I have multiple node- and edgelists which form a large graph, lets call that the maingraph .我有多个 node- 和 edgelists 形成一个大图,我们称之为maingraph My current strategy is to first read all the nodelists and import it with add_vertices .我目前的策略是首先读取所有节点列表并使用add_vertices导入它。 Every node then gets an internal id which depends on the order they are ingested and therefore isnt very reliable (as i've read it, if you delete one, all higher ids than the one deleted change).然后每个节点都会获得一个内部 id,这取决于它们被摄取的顺序,因此不是很可靠(正如我读过的那样,如果你删除一个,所有比删除的更改更高的 id)。 I assign every node a name attribute which corresponds to the external ID I use so I can keep track of my nodes between frameworks and a type attribute.我为每个节点分配一个与我使用的外部 ID 相对应的name属性,以便我可以跟踪框架和type属性之间的节点。

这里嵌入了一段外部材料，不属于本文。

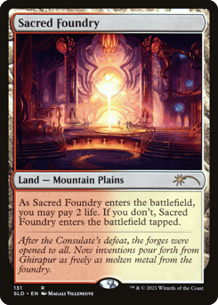 ({T}: Add {U} or {R}.) As this land enters, you may pay 2 life. If you don't, it enters tapped.
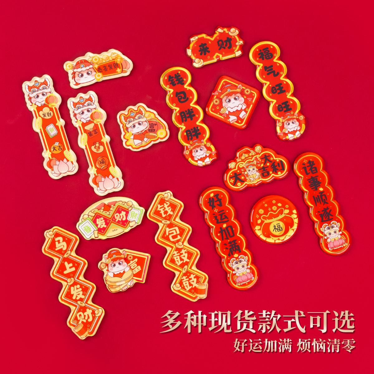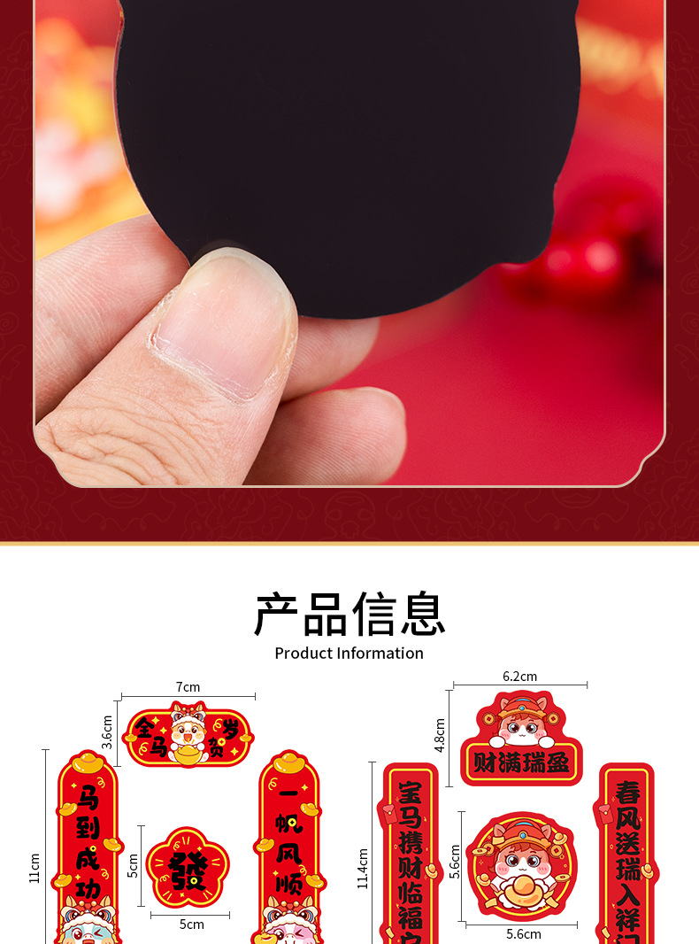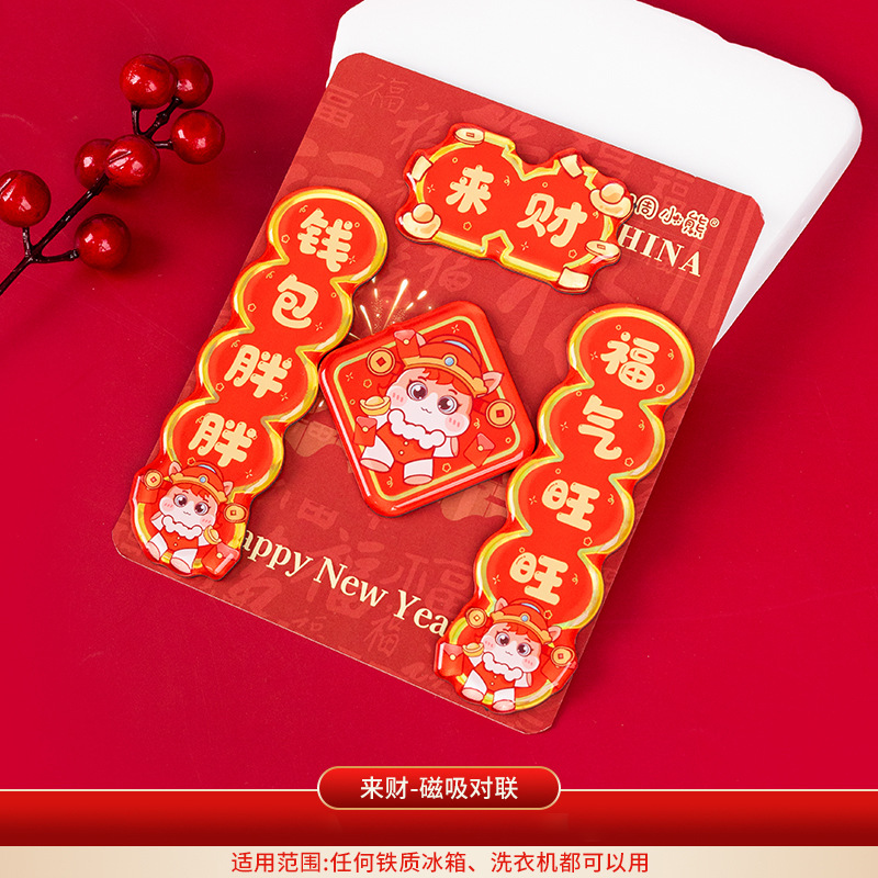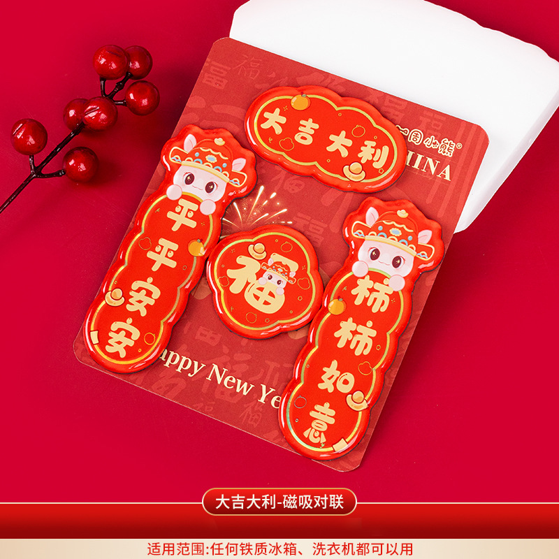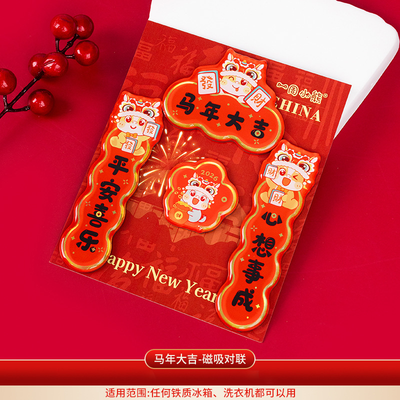 2026马年对联冰箱贴定制春节烫金国潮cnc精雕亚克力冰箱贴软磁贴

Now, how do I add the edges?现在,我如何添加边缘? When I read an edgelist it will start making a new graph ( subgraph ) and hence starts the internal ID at 0. Therefore, "merging" the graphs with maingraph.add_edges(subgraph.get_edgelist) inevitably fails.当我读取 edgelist 时,它会开始制作一个新图( subgraph ),因此内部 ID 从 0 开始。因此,将图与maingraph.add_edges(subgraph.get_edgelist) “合并”不可避免地失败。

It is possible to work around this and use the name attribute from both maingraph and subgraph to find out which internal ID each edges' incident nodes have in the maingraph :它可以解决这一点,使用name来自两个属性maingraphsubgraph ,找出哪些内部ID每个边缘事件节点在maingraph

def _get_real_source_and_target_id(edge):
    ''' takes an edge from the to-be-added subgraph and gets the ids of the corresponding nodes in the
    maingraph by their name '''
    source_id = maingraph.vs.select(name_eq=subgraph.vs[edge[0]]["name"])[0].index
    target_id = maingraph.vs.select(name_eq=subgraph.vs[edge[1]]["name"])[0].index
    return (source_id,target_id)

And then I tried然后我试过了

edgelist = [_get_real_source_and_target_id(x) for x in subgraph.get_edgelist()]
maingraph.add_edges(edgelist)

But that is hoooooorribly slow.但这太慢了。 The graph has millions of nodes and edges, which takes 10 seconds to load with the fast, but incorrect maingraph.add_edges(subgraph.get_edgelist) approach.该图有数百万个节点和边,使用快速但不正确的maingraph.add_edges(subgraph.get_edgelist)方法加载需要 10 秒。 with the correct approach explained above, it takes minutes (I usually stop it after 5 minutes o so).使用上面解释的正确方法,它需要几分钟(我通常在 5 分钟后停止它)。 I will have to do this tens of thousands of times.我将不得不这样做数万次。 I switched from NetworkX to Igraph because of the fast loading, but it doesn't really help if I have to do it like this.由于加载速度快,我从 NetworkX 切换到 Igraph,但如果我必须这样做,它并没有真正的帮助。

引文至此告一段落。